Regenerative Medicine

UK-based Quell Therapeutics Ltd is to out-licence a candidate cell therapy for inflammatory bowel disease to AstraZeneca Plc following the achievement of a research milestone. Further details of the research goal were not disclosed. The two companies have been collaborating since 2023 in the development of engineered T-regulatory (Treg) cell therapies for two immune-mediated disease indications. Inflammatory bowel disease is one indication and Type 1 diabetes is the other. The achievement of the milestone will trigger a payment to Quell of $10 million.

The US Food and Drug Administration has relaxed some rules for chimeric antigen receptor (CAR) T cell therapies in order to minimise the tasks that healthcare providers are required to perform. From 26 June, rules known as Risk Evaluation and Mitigation Strategies (REMS) will be eliminated for six autologous CAR T cell therapies which are on the market for cancer indications. The therapies are directed against the CD19 and B-cell maturation antigens.

A new stem cell therapy has been recommended for conditional approval by the European Medicines Agency for patients with a blood cancer who need a transplant following chemotherapy and/or radiotherapy but have no suitable donors. The allogeneic product, Zemcelpro, is derived from umbilical cord blood and contains two components. These are expanded CD34+ cells and unexpanded CD34- cells, each derived from the same cord blood unit.

Eli Lilly and Co is to acquire Verve Therapeutics Inc of Boston, US, in a share transaction valued at $1 billion upfront in order to broaden its portfolio of treatments for people at risk of cardiovascular disease.

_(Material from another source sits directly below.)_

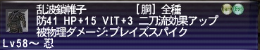 こんばんは_(._.)_ リンバスリーダーのうっかりヒュムから声をかけられ テメ北いってきました。 ついこの間に忍素材1個目は入手して篭手のうち直しが終わってたわけですが 今回は胴を打ち直すべく北一層、忍赤で突入しまして無事に一層の箱から出てまいりました。 初めて一層で見た気がしますこの素材。 忍者はほんと人気商品で外販でも40~60くらいの間で取引される代物です。 まぁ、それだけ打ち直しすると大きく変わるものなんですけどね。 胴はショックスパイクに変わるのとDEXが+5されるんですが後者の効果が 基本大きいですね。 命中が+2されるんで通常時の命中確保の変わりになるわけです。 足で歩行速度延長も捨てがたいですが、団体行動における際に突出する原因にもなるんで 胴にしようと思います。 まぁ、これが これになるわけですね。 というわけで今週のうちに預けようと思います。 やあ、やはりもつべきはフレです。 しばらく足を向けて寝れませn
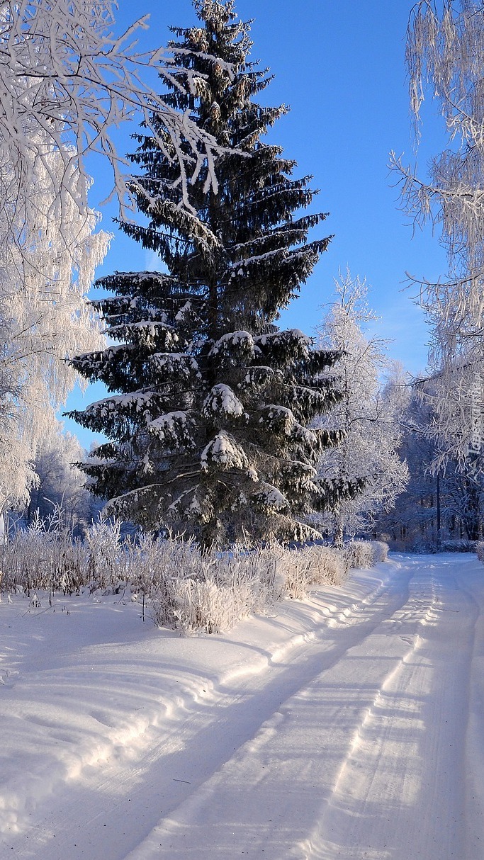 Edytor tapety: Droga w zimowym lesie

Announced on 17 June, the deal comes two years after the companies entered a collaboration to explore the use of in vivo gene editing to develop therapies for genetic diseases. With a candidate medicine for artherosclerotic cardiovascular disease now in Phase 1b, the companies have decided to merge.

CRISPR base editing has delivered a landmark n-of-1 gene therapy for an infant with carbamoyl phosphate synthetase 1 (CPS1) deficiency, in a clinical milestone that may redefine how rare genetic diseases are treated. CPS1 deficiency is a mitochondrial disorder caused by a loss-of-function mutation in the CPS1 gene that impairs the urea cycle and leads to life-threatening hyperammonaemia.

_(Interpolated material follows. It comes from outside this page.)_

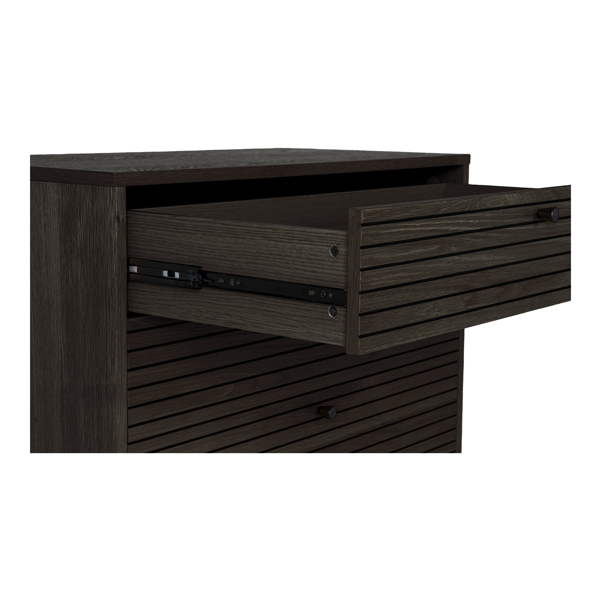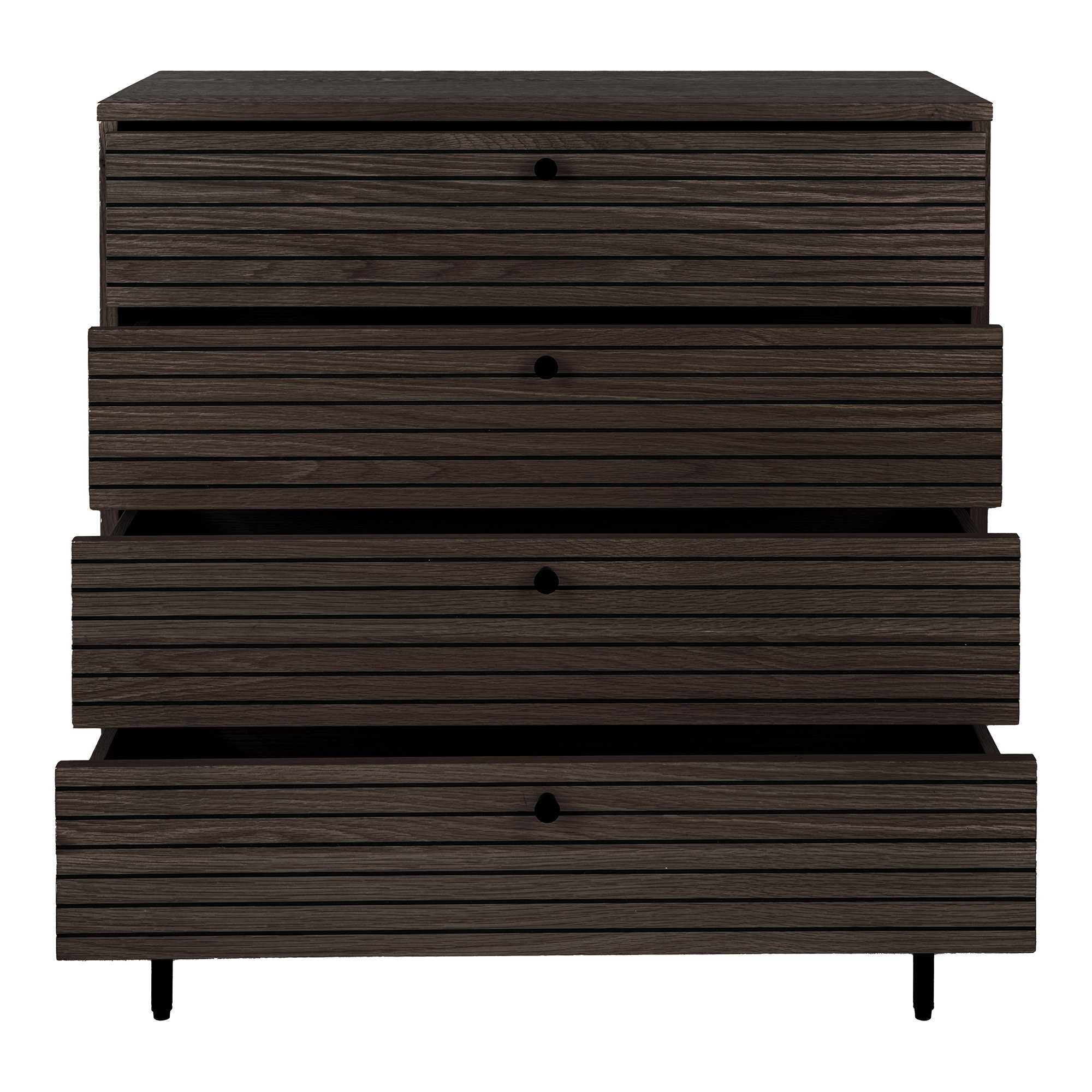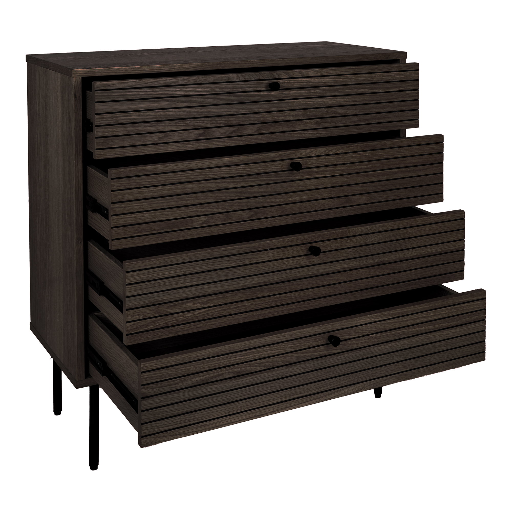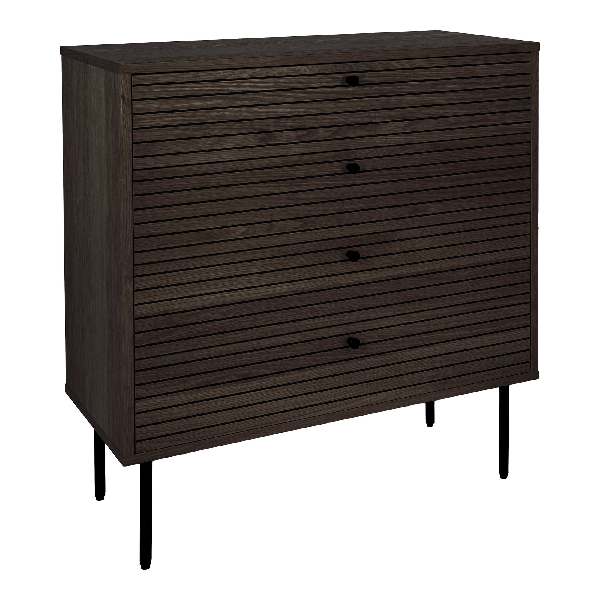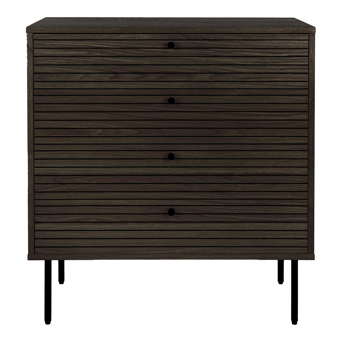 Chest, 4 drawers, oak veneer, smoked, black metal legs<br />80x40x85 cm

The US Food and Drug Administration has approved a new allogeneic encapsulated, cell-based gene therapy for a rare neurodegenerative disease that affects the macula, a portion of the eye that processes central vision. The product, Encelto (revakinagene taroretcel) is a therapy that delivers a recombinant protein to the retina to slow down the progression of the disease. Delivery is by way of a surgical intravitreal implant by an ophthalmologist.

bluebird bio Inc is to be acquired by two private equity groups in a move to provide more capital to the gene therapy developer which was founded by two academics in 1992 and now has three approved products on the market. The transaction, which was announced on 21 February, will transform bluebird into a private enterprise from its current status as a publicly listed concern on the Nasdaq market. The buyers are Carlyle Group Inc and SK Capital Partners LP.

A new cell therapy has been approved by the US Food and Drug Administration to treat paediatric patients from two months of age who experience complications from a stem cell transplant for blood cancer or an immune system disorder. The treatment, Ryoncil (remestemcell-L rknd), is an allogeneic therapy made up from mesenchymal stromal cells and isolated from the bone marrow of healthy adult donors. It is indicated for the treatment of acute graft-versus-host disease in patients undergoing transplants who do not respond to corticosteroids.

Novartis is to tap the engineering expertise of Vyriad Inc of the US in order to discover and develop in vivo chimeric antigen receptor (CAR) T cell therapies. Announced on 20 November, the agreement will take cell-based gene therapy technology to a new level by enabling the CAR recombinant protein to be delivered to T cells in their natural environment. This will be done by using a lentiviral delivery system to target and transduce resting T cells and reprogramme them while they are still inside the body. The reprogrammed cells would become potential treatment for patients.

Biopharma executives in Europe and Asia, together with their financial supporters, have launched a new company to develop therapies that will both activate and inhibit the function of regulatory T cells (Tregs). Tregs are white blood cells that play a key role in regulating the immune system to ensure that the body responds appropriately to foreign antigens and neoantigens. Announced on 18 October, Regimmune/Kiji TX is the result of a merger between Kiji Therapeutics of France and Regimmune Ltd of Taiwan. The Japan based venture capital group DCI Partner Co Ltd helped execute the merger.